The Black Lives Matter movement, reinvigorated during the summer 2020 uprisings, galvanized hundreds of thousands of people into the streets and ushered the slogan “defund the police” into wide circulation. But over the past two years, as targeted communities and abolitionist organizers have proposed radical, imaginative alternatives to the violence of policing, “defund” has been shouted down in many places, in favor of minimal efforts toward police reform. This year, the NYPD budget alone is set to increase by $90 million while 77 percent of NYC public schools face budget cuts. Clearly, the conversation on where and why we direct public funds is as relevant as ever.

No More Police: A Case for Abolition by Mariame Kaba and Andrea J. Ritchie offers a timely reintroduction to the abolition movement, harnessing its passion into actionable steps that empower us to pick up the mantle of creating a future that serves our communities.

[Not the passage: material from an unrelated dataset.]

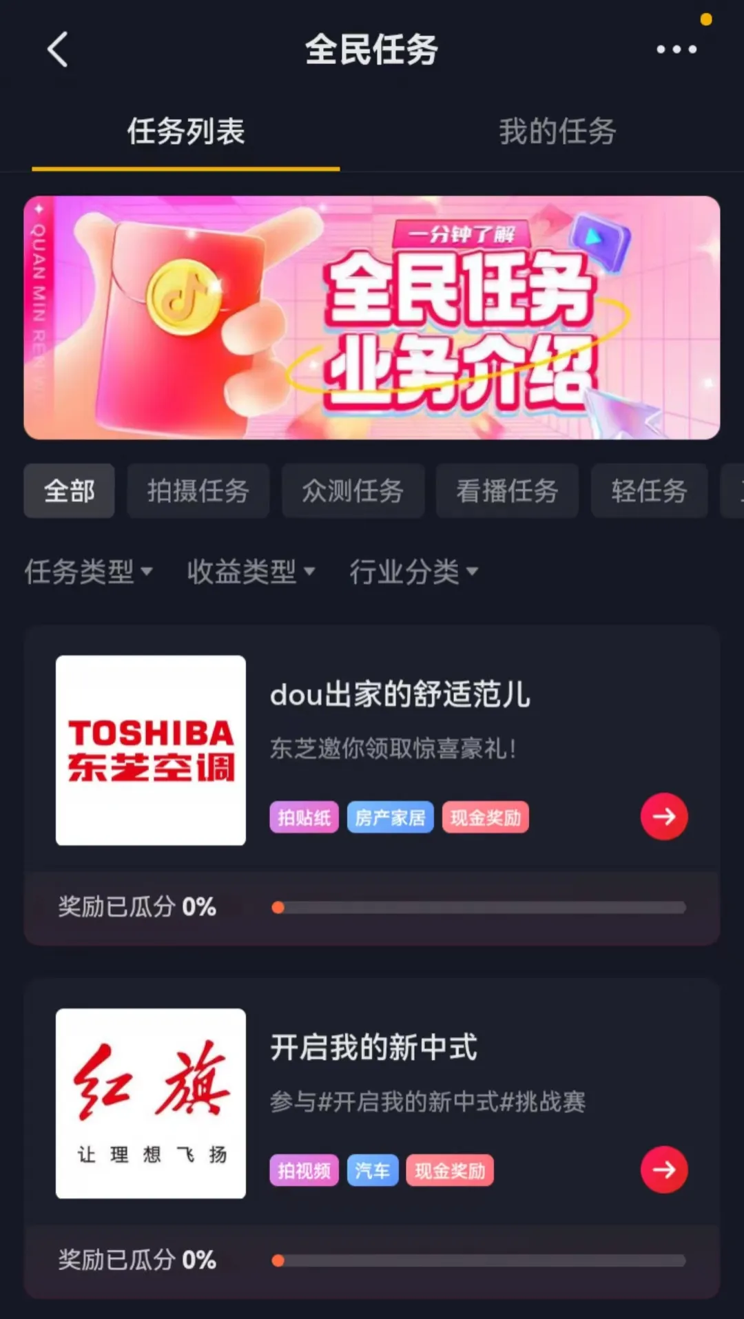 全民任务是官方平台的变现方式。如果我们的账号有一定的起色,可以去看一下全民任务里面有没有合适我们的任务,接了后去拍摄就可以了。也是按照播放量来计费,或者有些任务是给了流量扶持的,零粉丝的账号也可以做。

“Unpack the Notion of Safety Itself”

Among the first steps is “Reclaiming Safety,” as excerpted in Inquest. With a brilliant mix of compassion and logic, Kaba and Ritchie challenge readers to extricate their own definition of safety from the state’s current police-dependent one. As they write, “the state’s carceral safety robs our communities of the conditions and nutrients that would allow true safety to grow, forcing us into the position of constantly reaching for more security from the very institutions that make us collectively less safe.” To reject the paradox of state-defined safety, they encourage readers to think about when they themselves feel safe, what contributes to this feeling, and what institutional and personal factors can further nurture this feeling. These are the factors that we as a society should be investing in, taking “money away from death and [putting] it toward life,” as Ritchie said in an interview with The Guardian

Acknowledge Reformism As the Problem, Not the Solution

But shouldn’t we attempt to reform the system to better serve us now, while continuing our pursuit of abolition as a long-term goal? This commonly asked question came up on The Takeaway’s episode Deep Dive: Police Abolition, on which Andrea J. Ritchie was featured as an “abolitionist teacher.” Other guests argued for the importance of shoring up the police force with further training and better pay as a final or interim solution. But these solutions, and in fact the question itself, convey an inability to imagine a world without police. Taking to Twitter to respond to other guests, Ritchie states that “the bridge to the future we want lies in where we invest resources now, not in continuing to shackle our imaginations to the violence of policing or the failed idea that we can somehow contain it.” She and Kaba argue in “Why We Don’t Say ‘Reform the Police,’” an excerpt published in The Nation, that policing in the United States, with its violent and racist origins, is unreformable. From the 1994 Crime Bill to Obama’s 2014 Task Force on 21st Century Policing, the funds that poured into reforming the police have historically had extremely limited impact on policing. The issue is not a lack of resources, it is assuming that an antiquated system built to oppress a portion of the population is of use. 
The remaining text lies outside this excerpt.